We add that the district court did not abuse its discretion when it found that the § 3553(a) factors did not merit relief. We have recognized that (where consideration of the factors is necessary) an "acknowledgment by the district court that it considered the § 3553(a) factors and the parties' arguments is sufficient." Id. at 1241. Once considered, the "weight given to any specific § 3553(a) factor is committed to the sound discretion of the district court." Id. (quotation omitted). The district court stated that it considered the applicable factors, including the piano, religion, and guitar programs Thompson participated in during his imprisonment. The court found Thompson's evidence insufficient, and concluded that the requested relief would not promote respect for the rule of law or act as a deterrent. The court also explained that, given Thompson's egregious criminal episode and prior convictions, the imposed sentence was necessary to protect the public from further criminal activity. In case there were any doubt of the soundness of the district court's decision, we noted that in his briefing to this court, Thompson denies responsibility for his murders and blames his victims for their deaths. We easily conclude that the district court acted within its discretion in finding that the § 3553(a) factors do not merit relief.

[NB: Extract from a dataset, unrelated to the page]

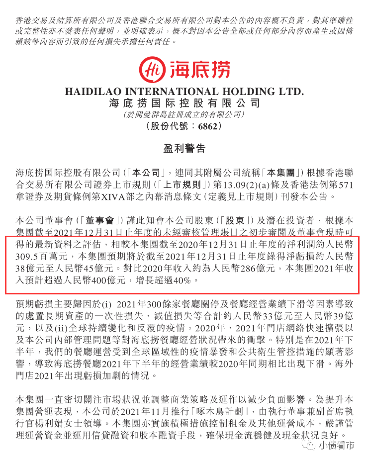 2月21日,海底撈盈利預警顯示,預計2021年將錄得38億-45億元的凈虧損,其中大部分與300多家餐廳關閉和停業造成的一次性虧損有關,一次性損失約33億-39億元。

Finally, the district court did not abuse its discretion when it found that Thompson was a danger to the community. It considered the offense conduct and his past criminal history and it expressly stated that it considered the § 3142(g) factors. See 18 U.S.C. § 3142(g)(1), (3)(A).
Accordingly, because the government's position is clearly correct as a matter of law, we GRANT the government's motion for summary affirmance. Groendyke Transp., Inc., 406 F.2d at 1162. The government's motion to stay the briefing schedule is DENIED as moot.